- Nostalgia Critic: Kids, do yourself a favor. Find somebody that works in a chain factory and punch 'em. Don't explain why, don't even introduce yourself, just punch 'em in the fucking face.
- Nostalgia Critic: This has gotta be, like, the ninth level I've come across that's a factory. Maybe they want you to get a job there.
- Nostalgia Critic: Let's just take a look at the game that we humans used to call, "Blues Brothers". But as of nowadays, people like to call it an unholy dick storm of shit-cheese! God, this game is awful. The worst thing to be associated with the movie since "Blues Brothers 2000". Oh, that's right, I fucking went there!
- [in the game, Elwood is trying to ride a snake-dragon-thing, but it keeps knocking him off every chance it gets, making the Critic angrier and angrier]
- Nostalgia Critic: What the hell is this thing anyway? Let me see what it says in the instruction book.
- [looks in the Blues Brothers SNES manual; reads]
- Nostalgia Critic: "Snake: A friendly creature; you can jump on its back and control it." Does that look *remotely friendly to you*? Does it act like it's friendly?
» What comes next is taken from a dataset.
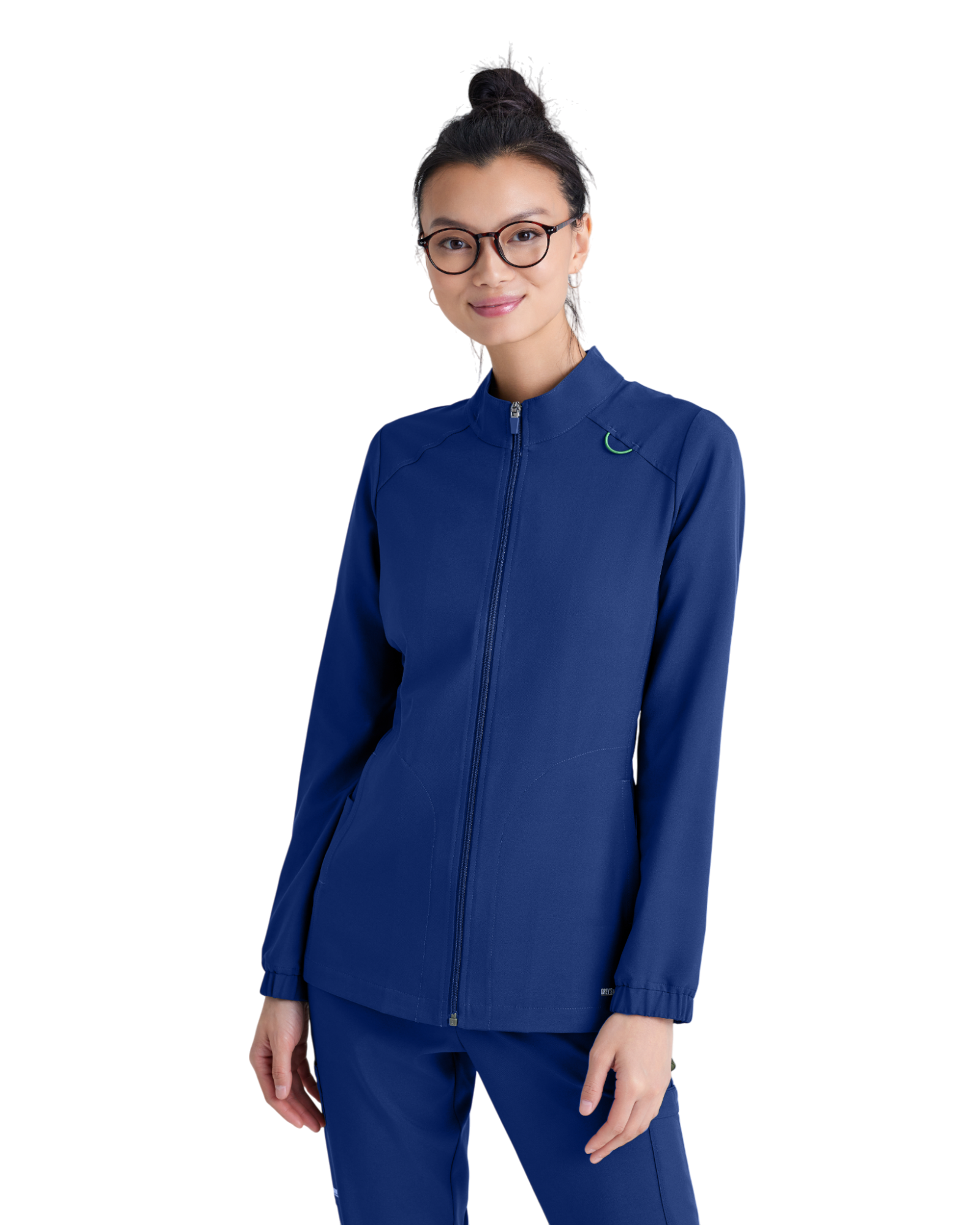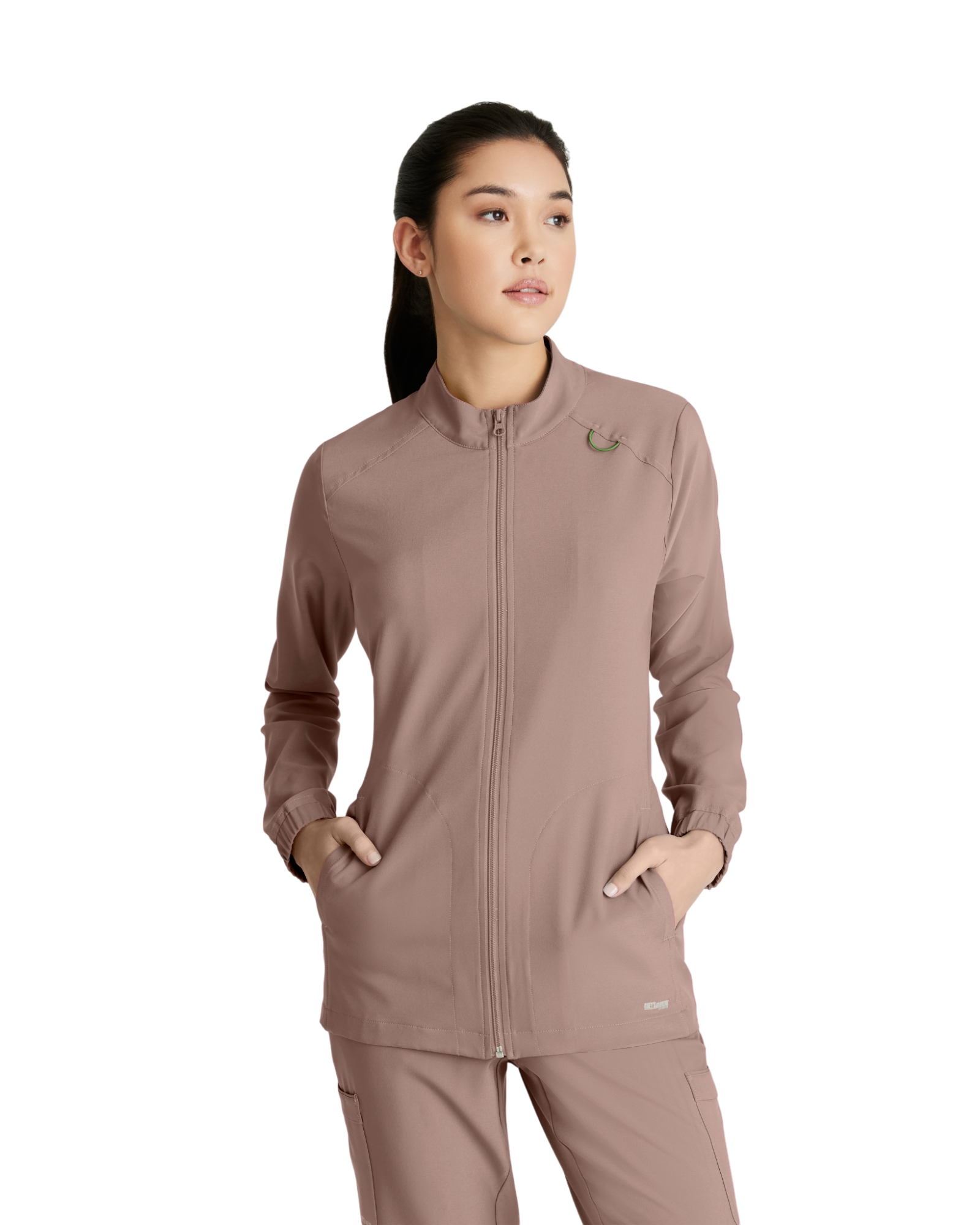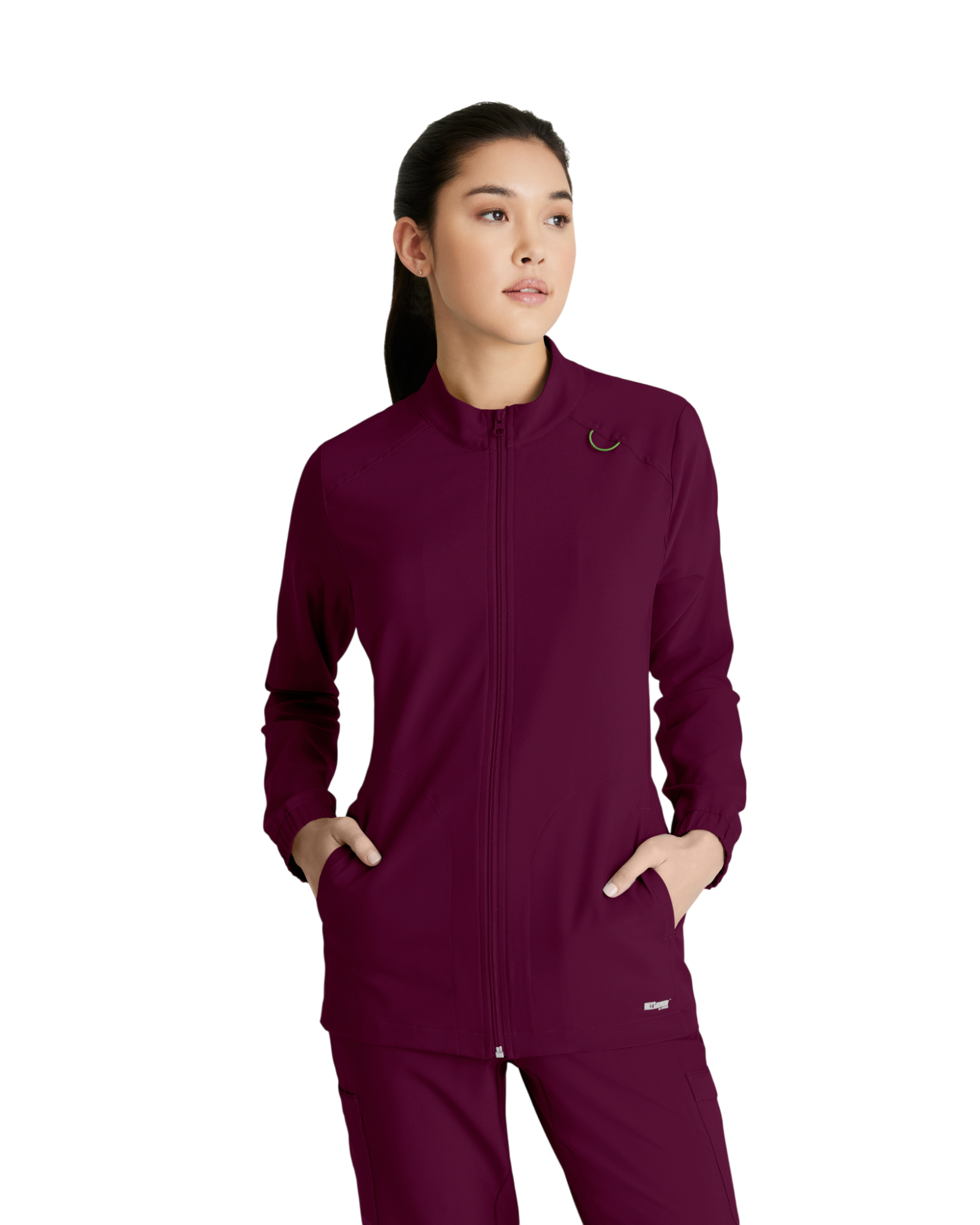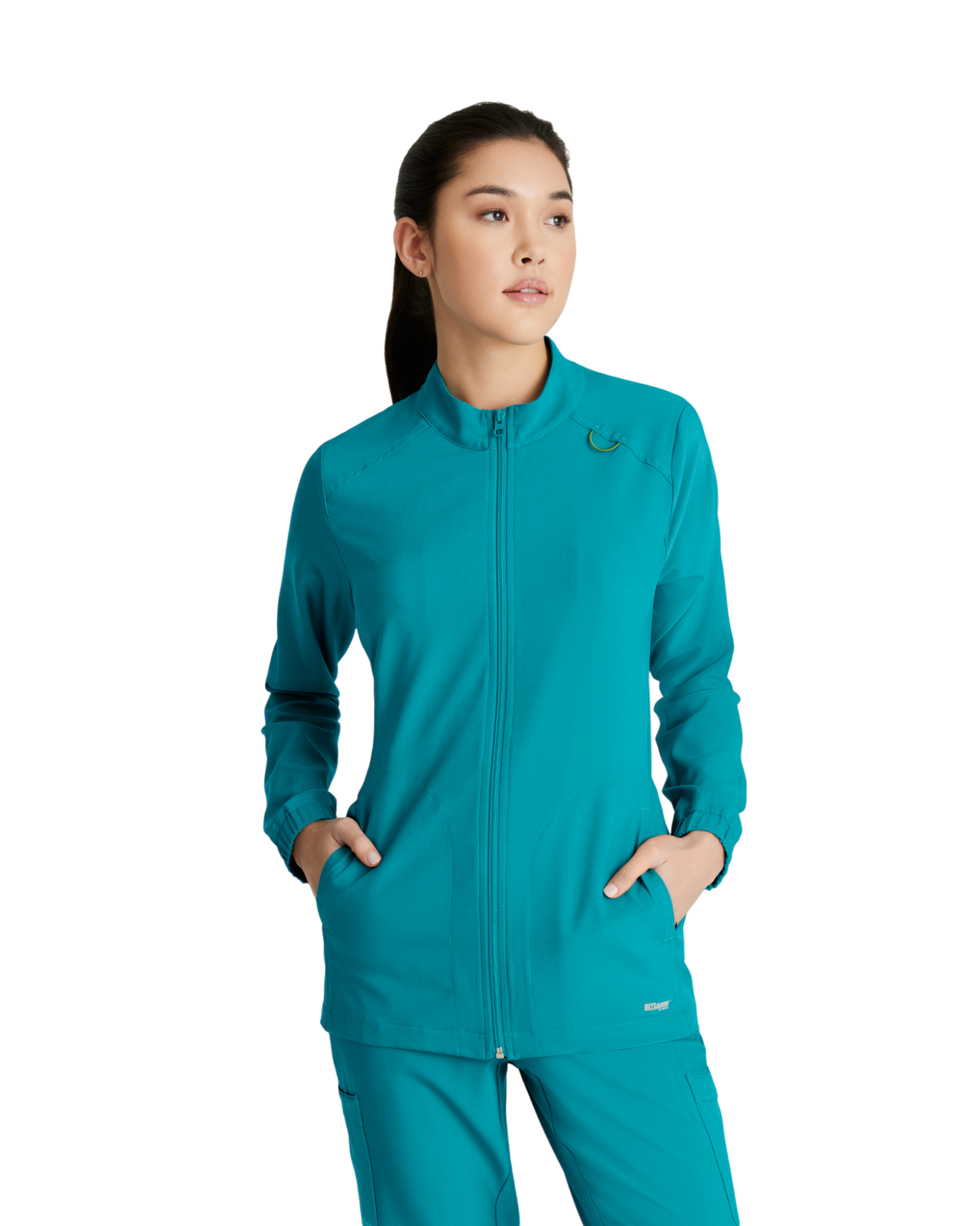 Complete your favorite Grey's Anatomy by Barco Evolve scrub set with the athleisure-inspired Virtue warmup. Featuring two spacious pockets and a signature green badge loop to keep important items close by. Made with recycled polyester and CiCLO® technology, the fabric is soft, stretchy, and breathable for all-day comfort.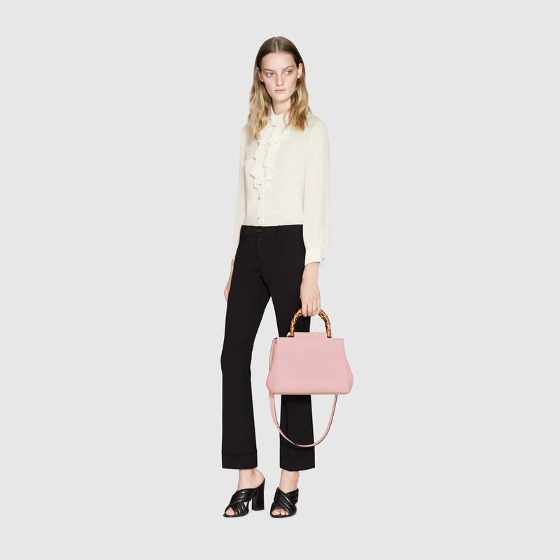 453767 Gucci Nymphaea 系列 皮革肩带 竹节提手 手提包 浅粉色

If it's so friendly, how come he's always trying to knock me off and push me down every chance he gets?
- [after losing, a game over screen comes up, only it says "The Blues Brothers Concert Over"]
- Nostalgia Critic: [raging] Oh, concert over? I'LL SAY IT IS!
- [the Critic takes the cartridge out of the system, then throws it out of his house; then he fires a gun at the cartridge repeatedly]
- [the Critic was so frustrated with the game that he just got rid of it]
- Nostalgia Critic: I'm sorry, I couldn't review any more of that shit. I mean, that game is terrible! That is a god-awful game! It has nothing to do with the movie, the... floors made of Crisco, the controls are insane, IT IS TERRIBLE! It's a TERRIBLE, TERRIBLE game! And I pity the poor sucker that comes ACROSS that game and TRIES to play it.
- Chester A. Bum: [outside the house] Oh my God, a video game! Bleu-Ass Brothers. Must be French.
- Nostalgia Critic: I'm The Nostalgic Critic, and...
- [puts hands in praying position]
- Nostalgia Critic: God have mercy on his soul.
- Chester A. Bum: [heard playing the game] Oh my God, it's exactly like the movie!... Cake makes you stronger? I-I don't understand that, I... Wow, the... floor sure is slippery, isn't it? Heh-heh... I thought I was supposed to be getting OUT of the jukebox!
- [after a few seconds]
- Chester A. Bum: Okayyy, just... go up the chain there, guy! Heh... C'mon, go up the chain... Go up THE CHAIN!... Oh, look! A flying snake! Hello, flying snake! How are you... HE PUSHED ME! THAT'S IT, I'VE HAD ENOUGH OF THIS GAME! I'M TOSSING THIS SO SOME OTHER IDIOT CAN FIND IT!
- Dominic: [coming across game] Oy, what's this?
- Nostalgia Critic: Well, you did it. You bought the DVD, good for you. I guess that means we have to give you something a little extra, don't we? How about a review? Yes, we all enjoy reviews, don't we? Now, what should it be? Hmm. I know! How about a video game that REALLY PISSES ME THE FUCK OFF! 'Cause that's all you wanna see, isn't it? YOU JUST WANNA SEE ME BE ANGRY! DANCE, MONKEY, DANCE!
- [catches breath]
- Nostalgia Critic: Well, waste no time beating around the bush.
- [begins review]
- Nostalgia Critic: I swear this game is a sadist of expectations. It gives you a bunch of time, it takes it away! It gives you a bunch of records, it takes it away!
- [imitating a marionette handler]
- Nostalgia Critic: "We're the puppet masters! Dance, puppet, dance! Oh-ho-ho-ho!" Fu-fu-fu-FUCK!